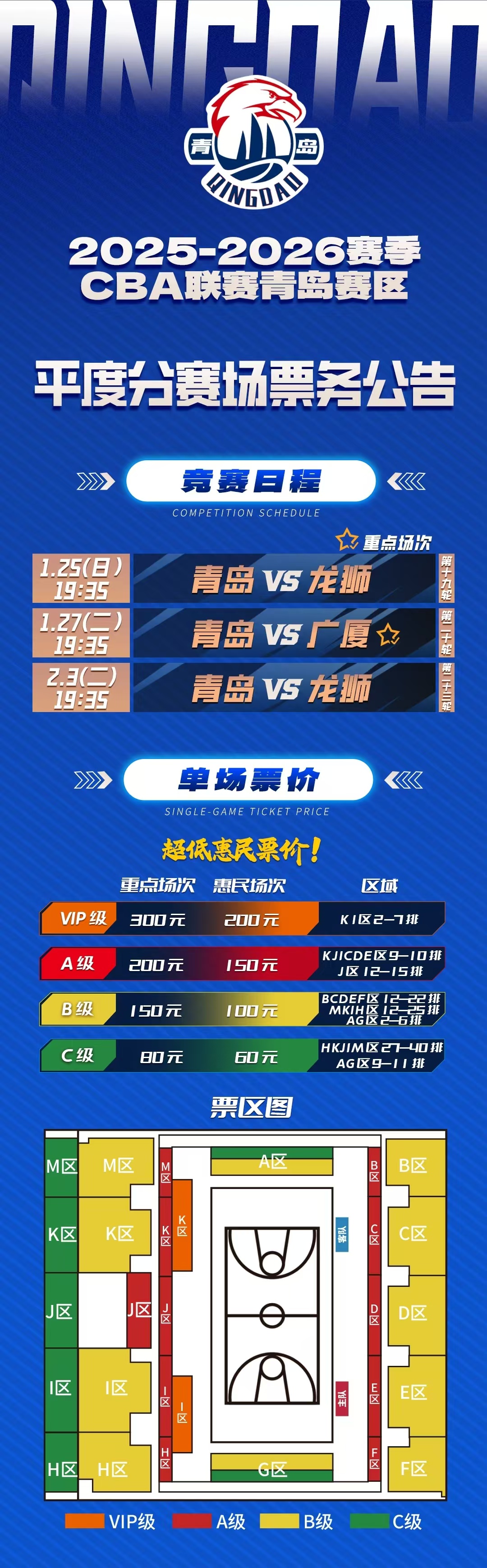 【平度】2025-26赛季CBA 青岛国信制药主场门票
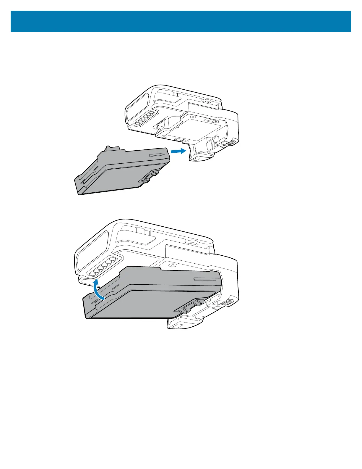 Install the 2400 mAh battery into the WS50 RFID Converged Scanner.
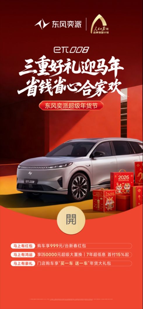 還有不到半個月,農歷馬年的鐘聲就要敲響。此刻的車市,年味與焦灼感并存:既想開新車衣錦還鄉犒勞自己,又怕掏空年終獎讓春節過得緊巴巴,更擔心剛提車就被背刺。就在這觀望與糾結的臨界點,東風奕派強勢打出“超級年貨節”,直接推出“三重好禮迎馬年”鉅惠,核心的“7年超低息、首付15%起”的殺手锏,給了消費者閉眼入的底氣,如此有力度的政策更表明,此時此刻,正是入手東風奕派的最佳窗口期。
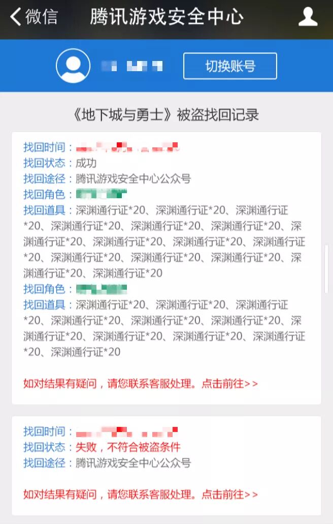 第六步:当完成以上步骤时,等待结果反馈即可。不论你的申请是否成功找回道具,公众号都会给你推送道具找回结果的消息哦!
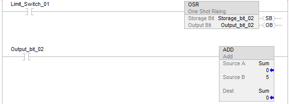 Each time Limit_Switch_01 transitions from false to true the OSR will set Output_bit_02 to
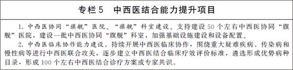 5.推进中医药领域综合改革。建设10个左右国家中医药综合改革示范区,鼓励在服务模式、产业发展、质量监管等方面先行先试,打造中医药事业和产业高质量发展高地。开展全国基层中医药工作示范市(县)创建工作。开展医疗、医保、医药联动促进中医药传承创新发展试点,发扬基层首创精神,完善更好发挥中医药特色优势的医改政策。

---

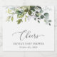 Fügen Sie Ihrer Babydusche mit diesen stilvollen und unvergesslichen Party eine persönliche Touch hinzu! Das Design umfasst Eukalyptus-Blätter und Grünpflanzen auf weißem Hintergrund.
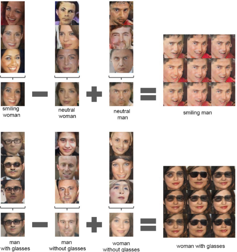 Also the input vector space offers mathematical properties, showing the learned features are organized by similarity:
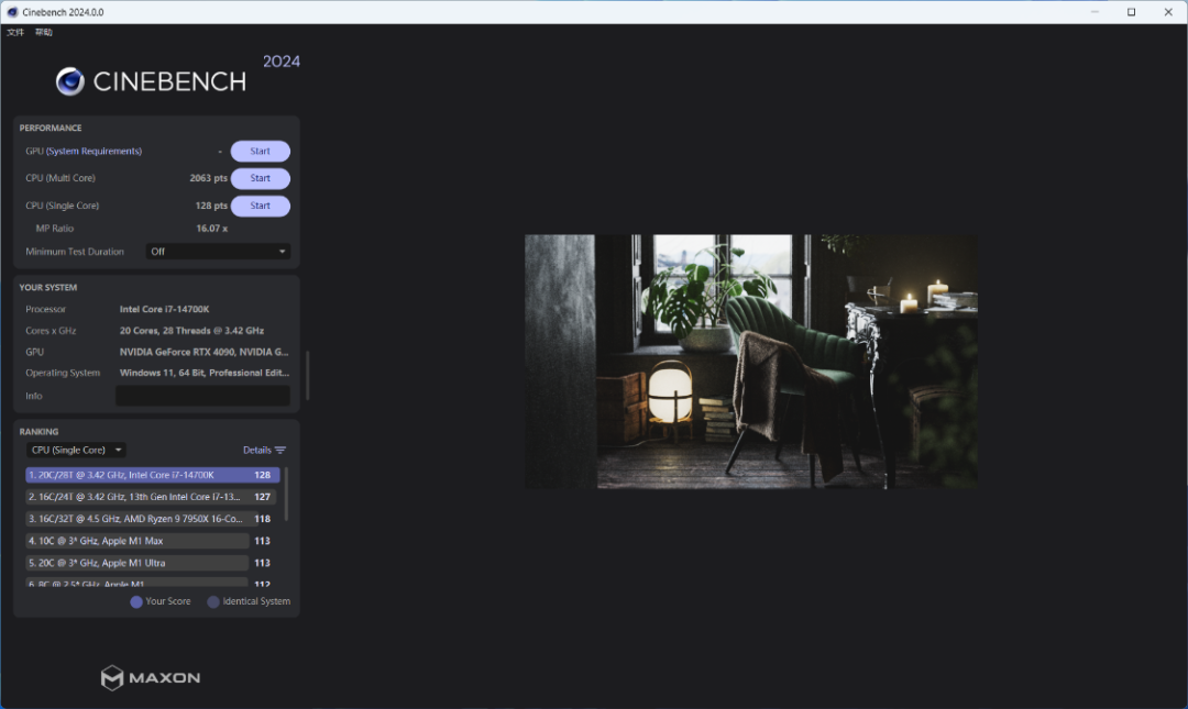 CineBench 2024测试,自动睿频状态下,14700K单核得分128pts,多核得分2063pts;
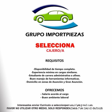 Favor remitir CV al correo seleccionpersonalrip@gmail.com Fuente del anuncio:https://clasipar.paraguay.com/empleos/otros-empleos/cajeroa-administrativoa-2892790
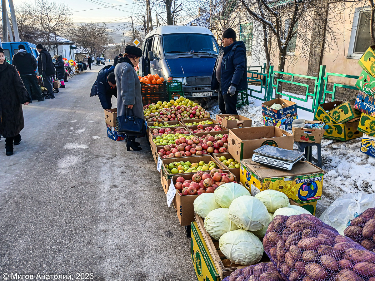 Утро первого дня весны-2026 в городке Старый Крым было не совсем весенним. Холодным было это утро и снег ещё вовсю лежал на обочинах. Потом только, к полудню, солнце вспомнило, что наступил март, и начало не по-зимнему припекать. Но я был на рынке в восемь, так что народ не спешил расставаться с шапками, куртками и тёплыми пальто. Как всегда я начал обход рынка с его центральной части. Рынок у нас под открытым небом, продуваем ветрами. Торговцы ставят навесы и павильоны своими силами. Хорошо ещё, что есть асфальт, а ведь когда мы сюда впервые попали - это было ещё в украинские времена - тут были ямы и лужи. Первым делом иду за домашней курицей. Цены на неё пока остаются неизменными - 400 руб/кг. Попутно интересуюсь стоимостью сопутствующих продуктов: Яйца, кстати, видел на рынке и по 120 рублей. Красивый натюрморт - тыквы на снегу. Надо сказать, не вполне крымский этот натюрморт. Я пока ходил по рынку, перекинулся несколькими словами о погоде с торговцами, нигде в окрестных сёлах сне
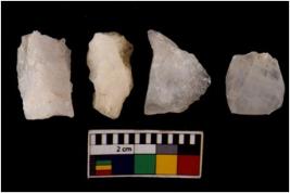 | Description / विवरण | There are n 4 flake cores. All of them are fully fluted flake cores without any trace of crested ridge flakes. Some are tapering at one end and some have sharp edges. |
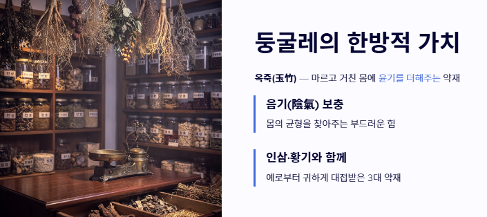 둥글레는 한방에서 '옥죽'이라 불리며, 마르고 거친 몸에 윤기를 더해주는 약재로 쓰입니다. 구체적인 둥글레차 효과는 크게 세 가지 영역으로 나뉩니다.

--

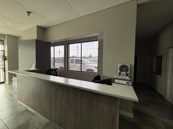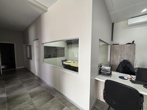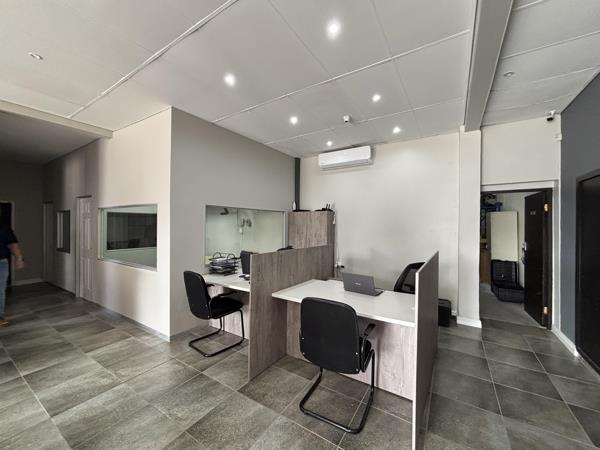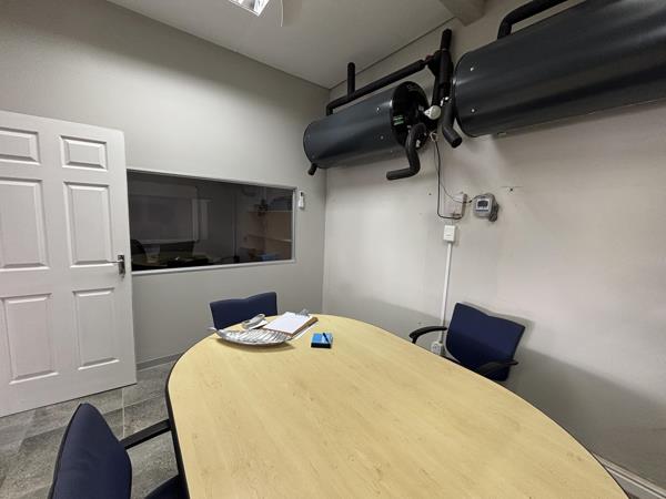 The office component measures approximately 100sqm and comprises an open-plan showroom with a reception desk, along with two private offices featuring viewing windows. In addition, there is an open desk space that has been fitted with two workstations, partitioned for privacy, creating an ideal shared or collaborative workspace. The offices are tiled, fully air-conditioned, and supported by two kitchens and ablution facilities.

TASK BRIEF =
Return exactly the lines above, from the one with "CineBench 2024" up to and including the one with "Favor remitir CV", and include no pictures.

RESPONSE BELOW =
 CineBench 2024测试,自动睿频状态下,14700K单核得分128pts,多核得分2063pts;
 Favor remitir CV al correo seleccionpersonalrip@gmail.com Fuente del anuncio:https://clasipar.paraguay.com/empleos/otros-empleos/cajeroa-administrativoa-2892790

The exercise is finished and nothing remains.